- Decades:: 1900s; 1910s; 1920s; 1930s; 1940s;
- See also:: History of Italy; Timeline of Italian history; List of years in Italy;

= 1929 in Italy =

Events during the year 1929 in Italy.

==Incumbents==
- Monarch: Victor Emmanuel III
- Prime Minister: Benito Mussolini

==Events==
- 11 February – The Lateran Treaty, an agreement between the Kingdom of Italy and the Holy See, is signed in Rome.

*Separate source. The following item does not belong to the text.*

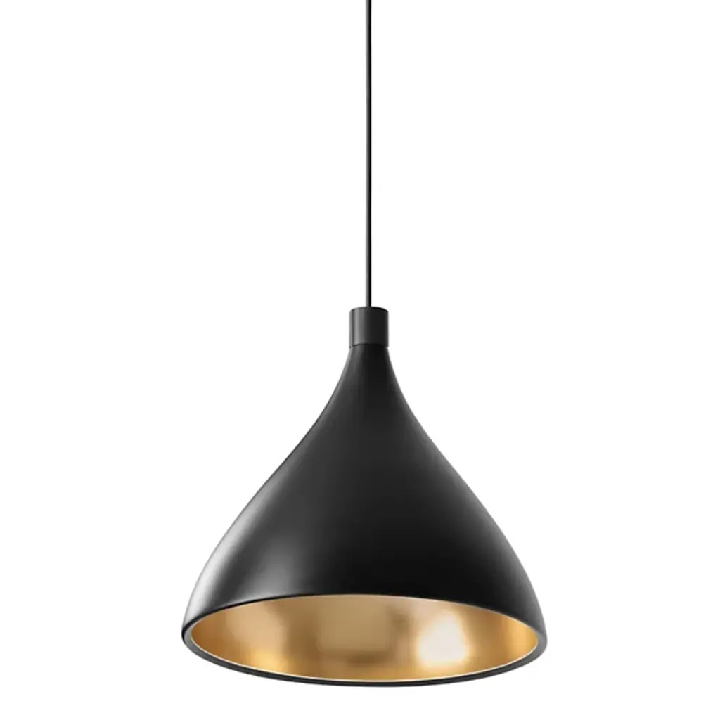 The Swell Pendant by Pablo Designs is a sleek, organic fixture that is a perfect decorative accent. Crafted from spun aluminum, it features a gently rounded conical shade with a sleek interior that enhances the dimmable LED light and creates a stunning, customized glow. This graceful shade is suspended from a domed canopy with a PVC cord. Whether on its own or in groups, this pendant light brings graceful illumination to seating areas, kitchens, and covered outdoor spaces.

The Concordat of 1929 made Catholicism the sole religion of Italy; this remained the case until 1984.
- April – The first of the Saccopastore skulls is discovered.

==Births==
- 3 January – Sergio Leone, film director (died 1989)
- 11 January – Nicoletta Orsomando, continuity announcer (died 2021)
- 26 February – Paolo Ferrari, actor (died 2018)
- 15 March – Antonietta Stella, operatic soprano (died 2022)
- 8 July – Milena Greppi, hurdler (died 2016)
- 23 July – Gaetano Giuliano, politician (died 2023)
- 4 August – Gabriella Tucci, operatic soprano (died 2020)
- 6 September – Beppe Menegatti, theatre director (died 2024)
- 4 November – Riccardo Ehrman, journalist (died 2021)
- 1 December – Valentino Valli, footballer (died 2021)
- 19 December – Lorenzo Buffon, footballer (died 2025)

==Deaths==
- 7 January – Eugenio Tosi, Cardinal Archbishop of Milan (born 1864)
- 12 April – Enrico Ferri, criminologist (born 1856)
- 9 November – Guido Keller, aviator and political activist (born 1892)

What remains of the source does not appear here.